Plodding, static, and so derivative that Zack Snyder rips himself off repeatedly, Rebel Moon is a glorious piece of garbage fine-tuned to please the director’s boner for shredded people moving in slow motion. There can be no doubt Zack Snyder gets extremely bonerific over sexy hot fascism; it’s basically the elevator pitch for 300. The nice part here is that he seems to realize fascism is actually problematic while giving himself a boner about it. That wasn’t obvious watching 300. I’m pretty sure we call that personal growth!
Notoriously, Rebel Moon was supposed to be a Star Wars movie, but that didn’t work out for reasons I can’t possibly imagine. Netflix decided to let Zack Snyder have at it anyway. They gave him a budget and let him loose. I feel like saying “let loose” gives too lofty an impression of this flick’s aspirations. Snyder’s idea of creative liberation is to liberally rip off visuals and vibes from every other SFF property under the sun, including his own. I honestly can’t tell you how it all feels like ripping off instead of homages or well-worn tropes. It’s really like looking at a mosaic of formative cinema moments that gave teenage Zack Snyder a boner, peppered in with a few fascist bondage machines.
It feels mostly like Star Wars. The spirit is in the right place: little guys deserve not to be brutalized by the big fascist empire. Okay. We’ve given the traditional Hero Cycle to a woman, whose extraordinary power is self-awareness so she can monologue exposition like, “I’m a war orphan. I don’t feel like I deserve love.” Not a direct quote, mind you. It takes a few pages of script to get the same point across.
Sofia Boutella gets a SFF bingo by appearing in a Star Wars-like property, having already earned nerd boners through an excellent performance in my favorite of the NuTrek movies, the James Bond-like Kingsman property, and Tom Cruise’s inferior version of The Mummy. Honestly, someone give this woman a good screenplay. She’s so hot and she deserves it. Her earnest attempts to redeem Snyder & Co’s clunky dialogue is worth a slow clap. Imagine what she could do with real material.
Boutella’s Fascist Dyke haircut runs away with the movie. Every time they flash back to her Vico Ortiz-like undercut, I am reduced to zoo animal sounds.
Djimon Hounsou shows up as General Titus, the Tit-tastic Chunk of Rippling Man Meat who has gotten ripped as hell in his gray years. Zack Snyder said “I need Daddy Hotness” and Hounsou ripped off his shirt to soar to his rescue. I didn’t even recognize him at first because he’s so tanked and dusty in this movie. But once they oil him up, I’m like, omg it’s Djimon Hounsou. I want to motorboat his mitties.

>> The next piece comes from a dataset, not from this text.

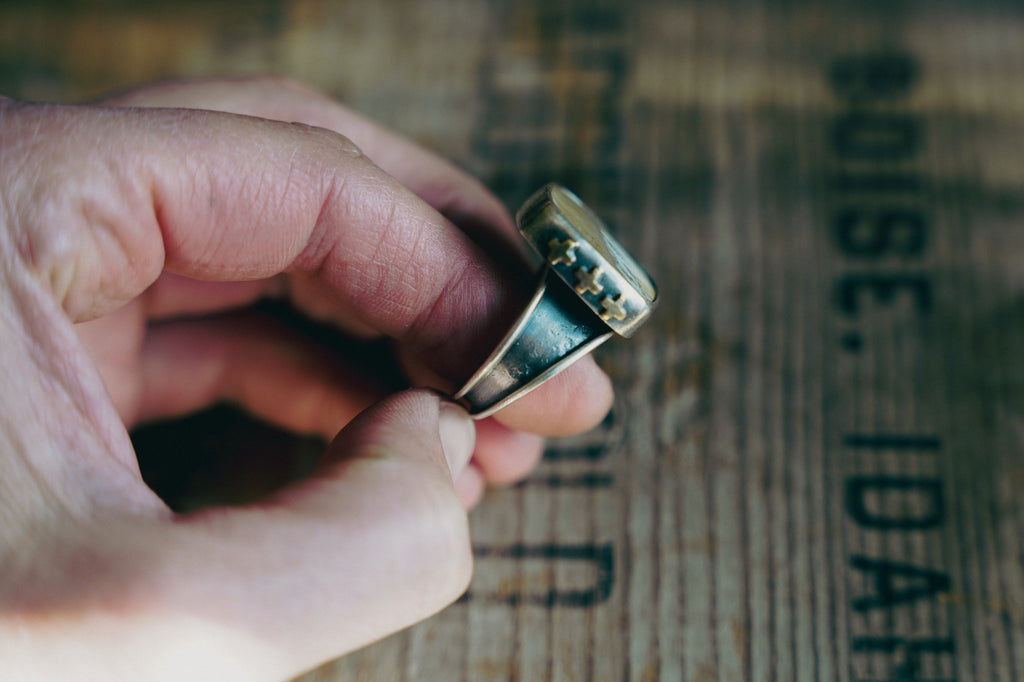 Las Cruces Ring -- Plume Agate -- Size 9
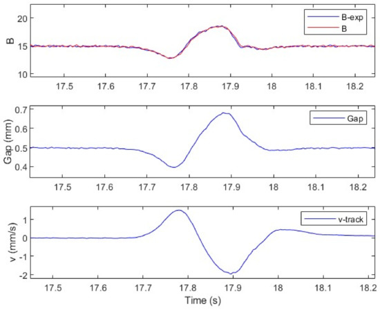 For the experimental platform, the stiffness of the track without constraint completely depended on the stiffness of the springs, which were quite low compared with the weight of the suspension load. In this case, the system was prone to the problem of vehicle–guideway coupling vibration, so the stability of the control algorithm under low stiffness could be effectively verified. Figure 16 shows the actual magnetic flux, the expected magnetic flux, the suspension gap, and the vertical track velocity in the process of suspension. It can be seen that, although supported by low-stiffness springs, the suspension gap still quickly followed the desired gap with no overshoot and no steady-state error. Affected by disturbance of the electromagnetic force, the track suffered a downward speed and then quickly decelerated to zero, which showed that the coupling vibration never occurred. The experimental results proved that the algorithm had excellent control performance.

Speaking of motorboatable mitties, this was my introduction to Staz Nair, whose primary role in Rebel Moon was featuring in the James Cameron’s Avatar portion. He befriends a hippogriff named Buckbeak in order to prove he shouldn’t be enslaved on Tattooine anymore, and flies away to have an exciting, tribally coded adventure connecting him with Buckbeak. The sequence concluded with Buckbeak slaughtering the slaver, so like I said, Snyder’s heart is in the right boner. I mean, right place. Did I mention Staz Nair earns a shirt with his freedom, but actually it’s some blanket thing he tosses around his shoulders to ensure his nipples always have a view of the action? C’mon Zack Snyder, we all see what you’re doing.

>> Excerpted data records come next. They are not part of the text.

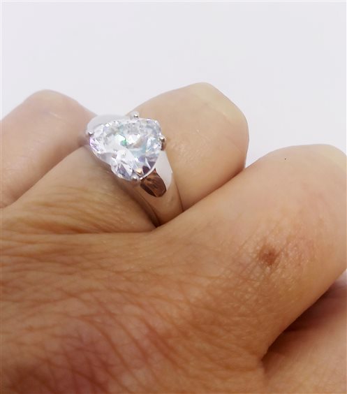 VENERIO ARGENTO Anello in argento 925 rodiato con pietra centrale in cristallo taglio cuore. Montatuta a griffes.
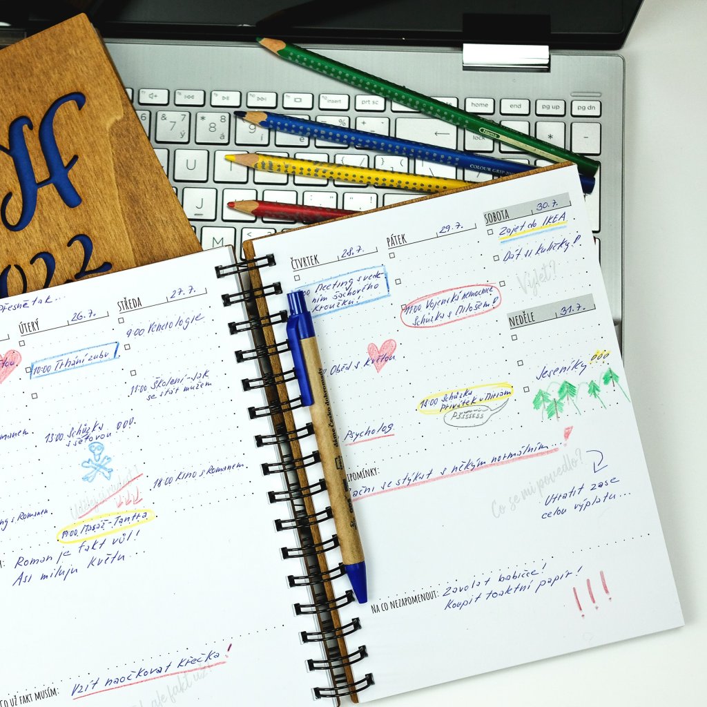 Chcete mít všechny své plány, úkoly i cíle přehledně na jednom místě? Naše dřevěné diáře vám to umožní v jedinečném stylu. Originální obal z přírodního dřeva si můžete nechat ozdobit iniciálami, jménem či vlastním textem, zvolit barvu podkladového papíru a od nás navíc získáte dřevěnou propisku jako dárek.
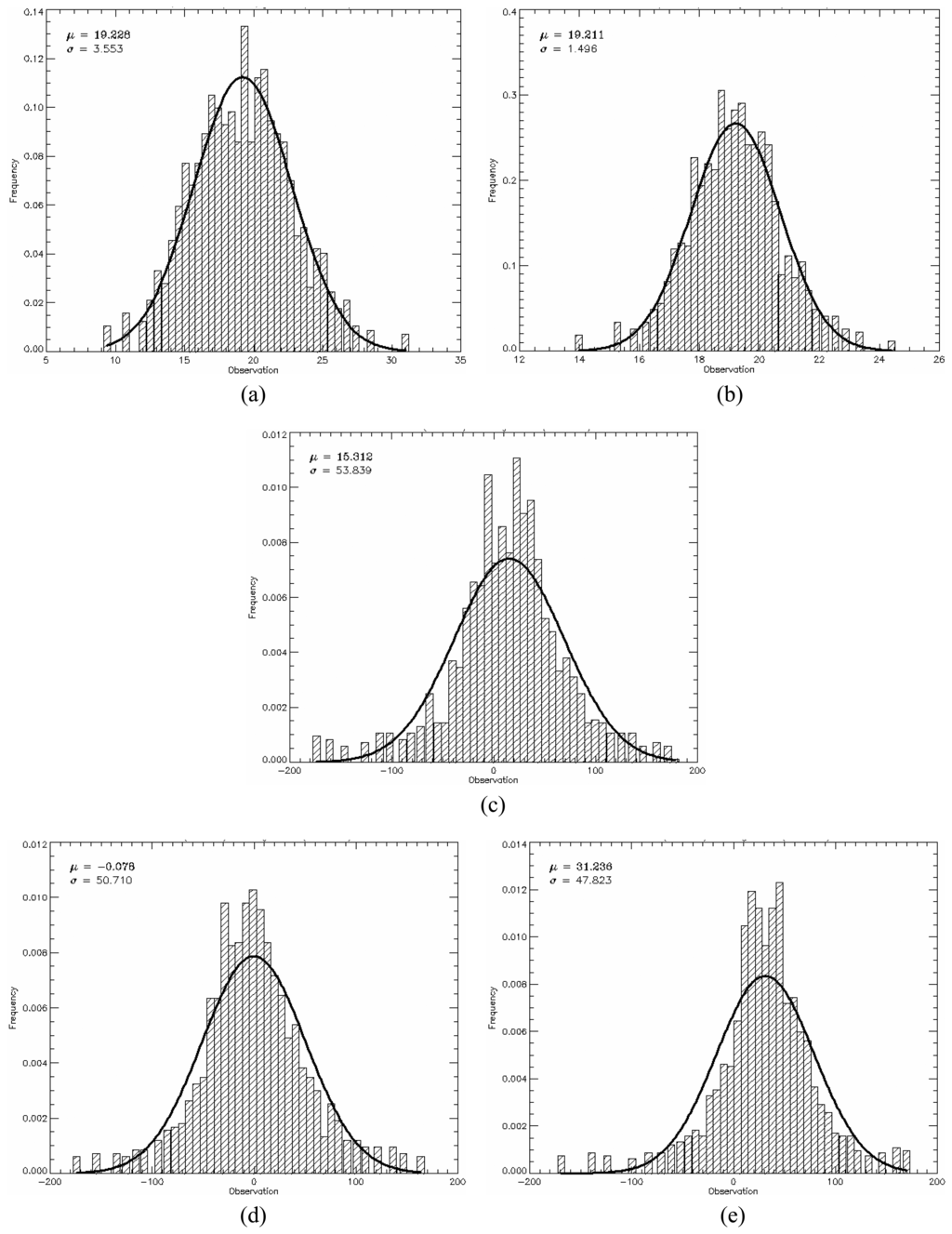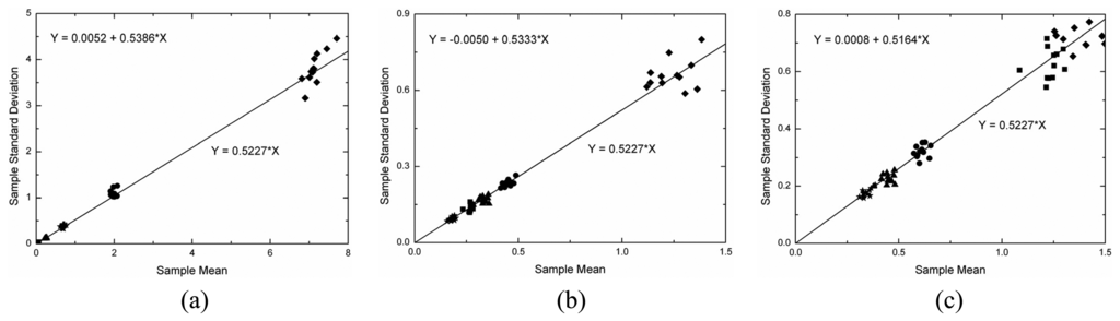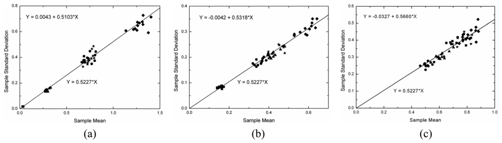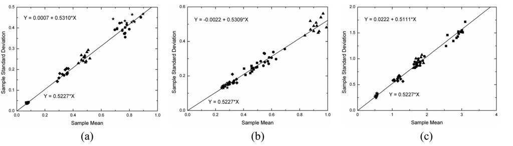 Under the linear detection and for single look data the ratio of the standard deviation and the expected value (the Cv) over homogeneous area is constant and equal to [(4-π)/π]1/2 = 0.5227. This value can be obtained from the moments of the Rayleigh distribution, which is a particular case of the square root of gamma when ENL is equal to one. As a consequence, another simple way of evaluating the simulated data is to check whether the mean value (μ) and the standard deviation (σ) of the data holds the linear relationship σ= 0.5227×μ within homogeneous area. This analysis was performed by applying a simple linear regression model [] to the estimated means and standard deviations for all samples in each channel that were properly fitted by a square root of gamma distribution. The fitted linear regression model states that Y = b0+b1×X, where b0 and b1 are the estimated intercept and slope, respectively. In the case under analysis it is expected that the intercept should be zero and the slope should be equal to 0.5227.

Meanwhile, Michiel Huisman is not Diego Luna from Rogue One; Ed Skrein in Nazi gear is not Domnhall Gleeson as Hux. The little town of horny Irish people is not on Tattooine. All the slow motion action scene jumps aren’t revisiting the glistening mantitties of 300. That spider lady is not a Drow. The scrappy team does not travel to the Prancing Pony. Hux’s rebirth is not The Matrix. Anthony Hopkins is not an assassin droid from The Mandalorian doing a Scavenger’s Reign subplot. The climactic battle on the floating structures is neither the end of Emperor Strikes Back nor the end of Disney’s Atlantis. Charlie Hunnam is not signing up for a two-movie contract. Etcetera.
It’s kind of a disaster of overlong clunky dialogue that actors *try* to make work, and when we all realize that it won’t, it can’t, it never will, you just have to sit back and muse on how many opportunities Zack Snyder created for a bunch of really hot people to be in sexy action/sexy torture situations. And then you have to love the bad aging makeup for the villain at the end. You have to! If you don’t love it, you don’t love fun. I bet you don’t even like it in k-dramas where they flash back to high school and put fully adult actors in a wig and school uniform.
I hope my tone makes it clear that I enjoyed the hell out of this, and I think it’s the kind of bad where it loops around to good and then back to bad, where it remains, simply terribly *bad*. My sibling and I had so much fun yelling at the movie. My husband felt like his time was *so* very wasted. I noticed in the trailer for the second movie that the Fascist Dyke Haircut is coming back so I’m definitely planning on watching it.